City University professor of food policy Corinna Hawkes urged the industry to put nutritious food “at the core” of their business models, following decades of neglect in a global food system lacking leadership or governance.
Sharing the stage with NFU president Minette Batters, Rabobank’s Europe chief executive Tamira Treffers-Herrera, chairman Chris White of Fruitnet Media and Dominic Blakemore, chief executive of the Compass Group following his keynote speech, Hawkes outlined her belief that new food policy can help solve many of the world's most pressing problems.
She said: “There are four things food can help us with: it can help the world be a healthier place; it can reduce greenhouse gas emissions and improve the environment; food can promote social cohesion and food can create value and support livelihoods.
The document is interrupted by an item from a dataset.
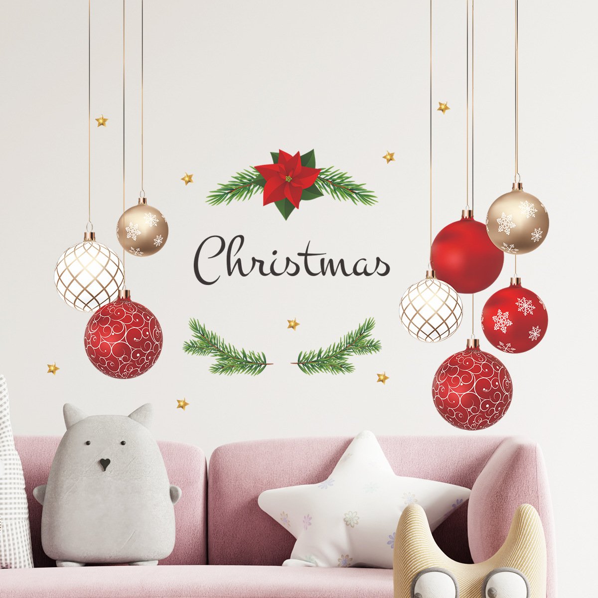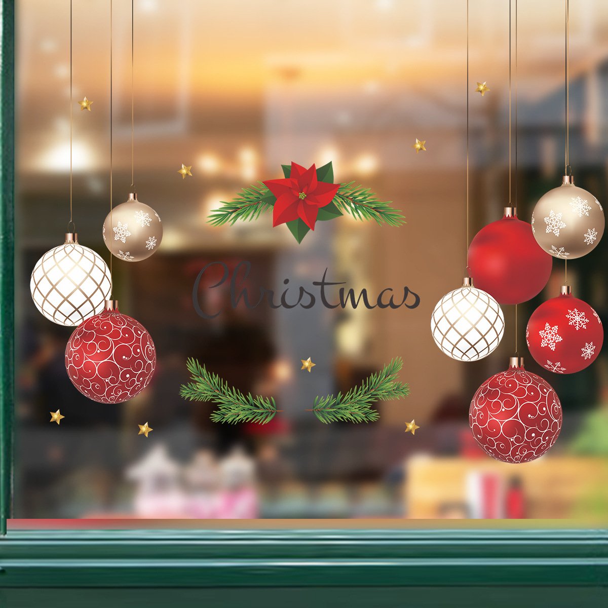 Christmas Red Golden Holiday Balls Ornaments Stars Mistletoe Stickers Window Glass Door Decoration xmas019

If food does not deliver on those metrics by 2050 the food system is failing.
“I would like to see every nation and every city have a food policy in which we are bringing these aspects of food together, seeing food as a solution to so many world problems today.”
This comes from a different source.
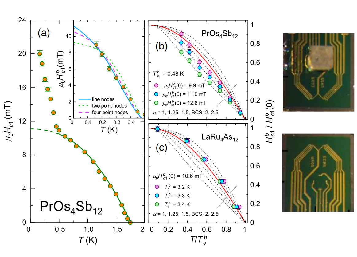 Uruchomiono stanowisko mikromagnetometrii hallowskiej w niskich temperaturach do 160 mK. Silne wzmocnienie dolnego pola krytycznego Hc1 głęboko w stanie nadprzewodzącym LaRu4As12 (Tc = 10.4 K) i PrOs4Sb12 (Tc = 1.85 K) wskazuje na rzadko spotykany efekt słabego sprzężenia międzypasmowego. Tylko dla ciężkofermionowego PrOs4Sb12 zaobserwowano linową zależność Hc1(T) w granicy T = 0, co sugeruje zmianę znaku nadprzewodzącego parametru porządku.

With a rising global population increasingly entering the middle classes, higher consumption of processed foods containing sugar, salt and fat are driving food-related conditions such as obesity and diabetes.
According to Hawkes 69 per cent of packaged meals are not aligned with healthy diets, while 60 per cent of teenagers still have a fizzy drink every day. “When you look at the younger generation, 75 per cent of the under-twos do not continue to eat a diet suitable for growth and development,” she added.
“The food industry has a huge challenge and has to work very hard to meet that challenge. My challenge to the industry is put nutritious food at the core of your business model, and start from there, don’t do what you were doing in the forties, fifties, sixties, seventies and eighties, which was going in the wrong direction.”
Making change
Transforming UK food production in the face of Brexit, among other challenges, will not be an easy task however. Batters bemoaned “two and a half years wasted” on Brexit discussions that could have been invested in bringing about a horticulture revolution.
She reaffirmed her belief that a no-deal Brexit would be “catastrophic”, warning that the country was “inching closer to a no-deal”.
Blakemore revealed the Compass Group was making strategic changes in the run up to Brexit as well, including looking at substitute ingredients and changing their investment decisions. “We crave certainty,” Blakemore added.
Batters said fragmented government departments in the UK are also preventing the creation of a coherent national food strategy. “One of the frustrations I have and have to address is the fact that we lack joined-up government departments. If I speak to BEIS and talk about creating an export platform they say you’re in Defra, you’re in primary production.
“If these departments don’t join up, if we keep on with this silo approach it simply will not deliver the productivity advantages we can achieve.”
Batters said that local growing initiatives such as vertical farming could only achieve limited success in expanding UK production, after Blakemore suggested there was potential in a “local for local” produce trend that was rapidly catching on in the US.
“In the UK we have fantastic conditions for growing,' Batters said. “If you’re in Israel or certain parts of the US and other parts of the world where you don’t have access to water and the right farming conditions then yes, vertical farming has a place. It has a place in the UK, but it’s more around leafy salads, and hydroponic production.”
She continued: “We really need to be focused on the soil, and the value we have in production is soil-based, rather than very expensive energy-sapping vertical farming. It has a place, but it has a small place and let's focus on the soil.”